Впервые за 80 лет в Петербурге так масштабно вспоминали блокаду Ленинграда, пытаясь найти формулу для этого сложного рассказа. Говорить о тех событиях больно и страшно, но необходимо. «Люди хотят знать» — не случайно именно так называется книга Даниила Гранина и Алеся Адамовича, которая рассказывает о создании «Блокадной книги» — документальной хроники осажденного города, что написана в 1970-х и лишь 10 лет назад (!) опубликована полностью и без купюр.
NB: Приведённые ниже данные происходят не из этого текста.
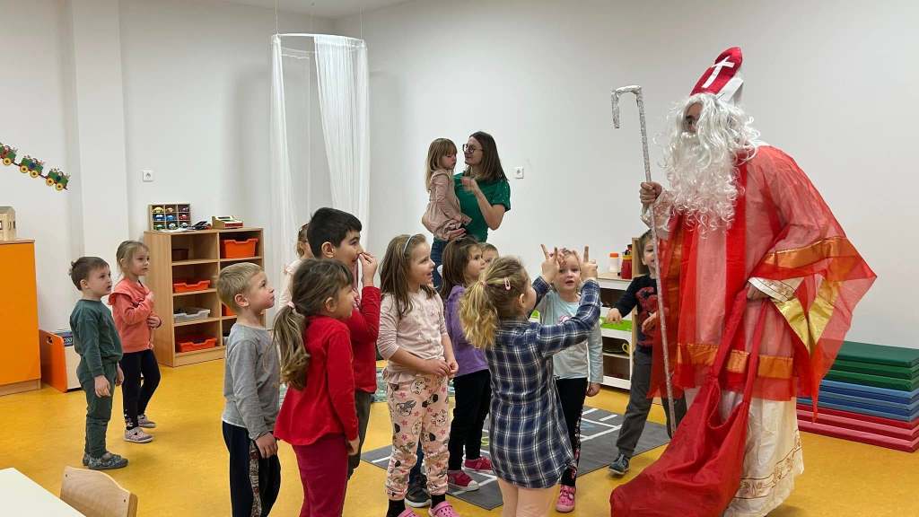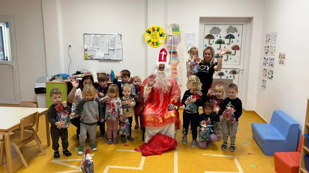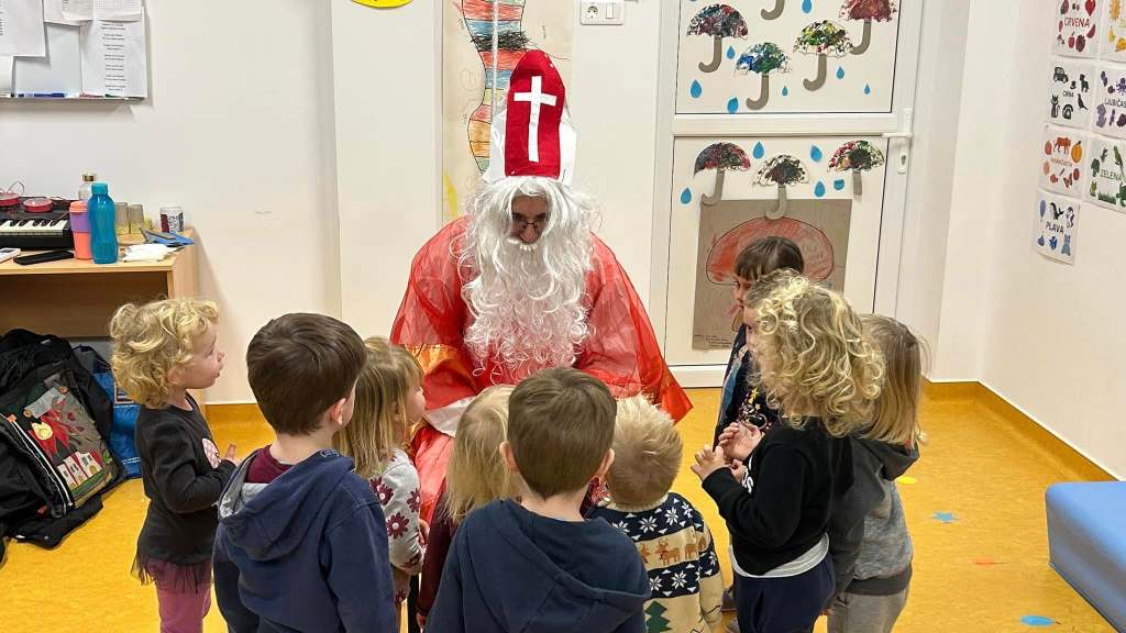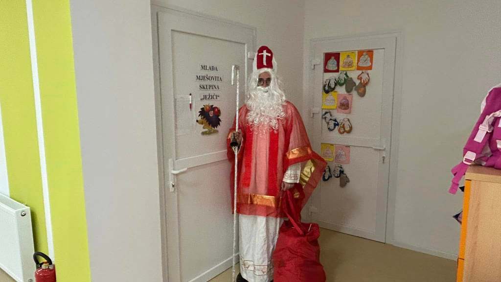 Sveti Nikola je pokucao na vrata svake skupine u vrtiću i donio darove za svu djecu. Mala srca ispunila su se oduševljenjem kada su ugledala svog omiljenog svetog zaštitnika, a smijeh i radost čuli su se iz svih prostorija vrtića. Djeca su za ovu priliku pripremila prigodan program u kojem su pjesmom, plesom i recitacijama zahvalila Svetom Nikoli na dolasku. Svaka skupina posebno je obećala kako će biti dobra i poslušna, te da će i iduće godine nestrpljivo čekati njegov povratak.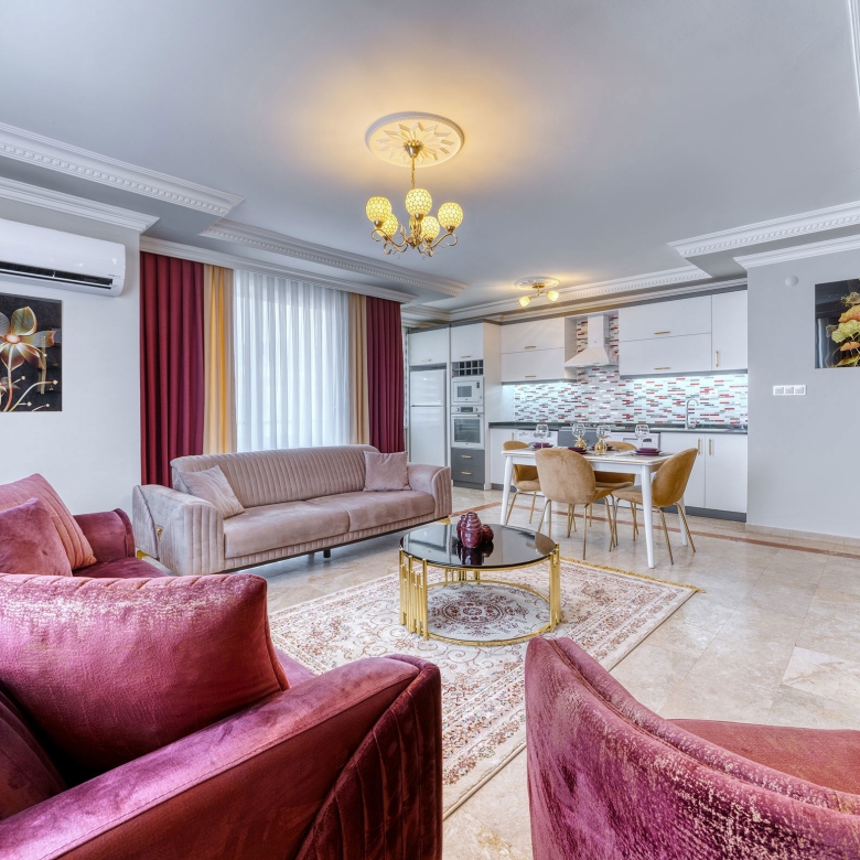 The apartment comesfully furnished, includingwhite goodsand anelectric water heater, withcity and complex views. It’s positioned approximately11 km from Alanya city centerand35 km from the airport, making it a highly accessible location.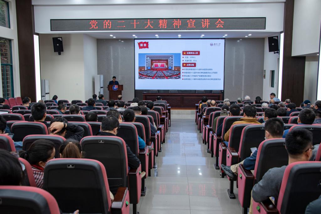 教职工学习党的二十大精神宣讲会在学院报告厅举行,学院党委书记王双印作专题宣讲报告。学院党委副书记楚霞主持。中科院院士俞汝勤、学院退休教师代表、全体教职工约两百余人参加。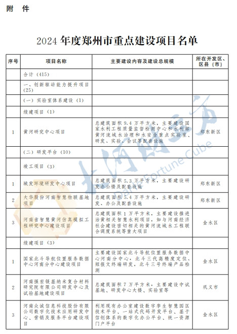 【大河财立方消息】4月4日,郑州市人民政府印发2024年郑州市重点建设项目名单的通知,名单共列项目415个,总投资3556.9亿元,2024年计划完成投资1127.9亿元。

Невский проспект одет в красные флаги и плакаты, напоминающие о 27 января 1944 года. В этот день 80 лет назад, после почти 900 дней ужаса, голода, постоянных обстрелов, Ленинград полностью освободился от блокады. Тогда над городом раздался салют — многие подумали, что это очередной обстрел, но то был знак, что самое страшное позади.
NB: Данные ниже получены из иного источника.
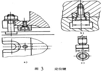 定位鍵有矩形和圓形兩種,圓形定位鍵(如圖4C所示)補(bǔ)償貿(mào)易加工,便較易磨損,故用得不多。矩形定位鍵有兩種結(jié)構(gòu)形式,一種在鍵的側(cè)面開有溝槽或臺附(圖4b),把鍵分為上、下兩部分,其上部按H7/h6與夾具體底面上的槽或臺附。下部與多才多藝床工作臺上的T形槽配合。因工作臺T形槽的公差為H8或H7,故尺寸b按h8或h6制造,以減少配合間隙,提高定向精度。另一種鍵為矩形(圖4)上下兩部分尺寸相同,它適用于定向烳工度要求不高的夾具。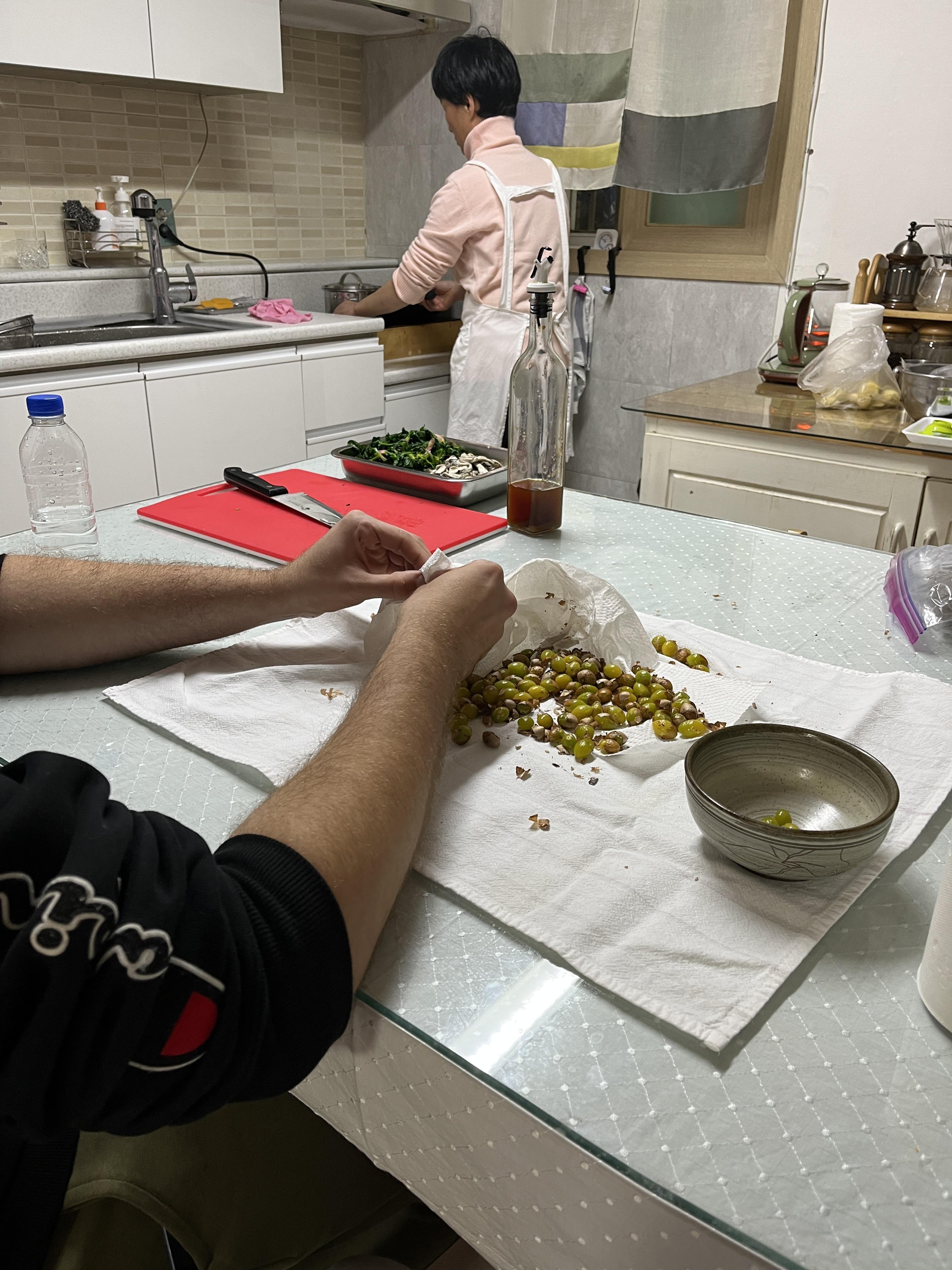집에 도착해서 엄마가 저녁준비를 도와달라고 하셔서 남친이랑 같이 은행을 열심히 깠다. 퀘스트 수행 후 밤과 은행이 올라간 찰밥과 잡채, 찹쌀 김부각, 돼지 등갈비찜을 보상으로 얻었다. 엄마밥 최고🥰

— Последние 15 лет день снятия блокады отмечали все громче, но так, как сейчас, никогда, — сказала мне девушка, встретившаяся на Невском. — Выходили статьи, репортажи, фильмы. Ровно в 21.00 люди зажигали на подоконниках свечи, с каждым годом свечей становилось все больше. Но в этот раз нечто особенное.
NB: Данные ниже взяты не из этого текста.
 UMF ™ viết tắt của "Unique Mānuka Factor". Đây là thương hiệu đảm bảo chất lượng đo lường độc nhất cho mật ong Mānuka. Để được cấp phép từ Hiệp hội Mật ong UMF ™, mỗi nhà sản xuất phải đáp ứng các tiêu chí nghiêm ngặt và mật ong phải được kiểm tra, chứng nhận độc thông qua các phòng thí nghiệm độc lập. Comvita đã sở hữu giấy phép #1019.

Чувство сопричастности витает в воздухе. Единственная табличка времен блокады, сохраненная на Невском, где сообщается, что «при артобстреле эта сторона улицы наиболее опасна», усыпана красными гвоздиками. Гора цветов все растет, рассыпаясь на нечищеный асфальт. Ходить по улицам Петербурга сейчас опасно: подтаявший из-за оттепели снег почти не убирают. И все же 27 января многие приехали в центр, чтобы прикоснуться к истории. О блокаде вспоминали во многих местах — в разных форматах.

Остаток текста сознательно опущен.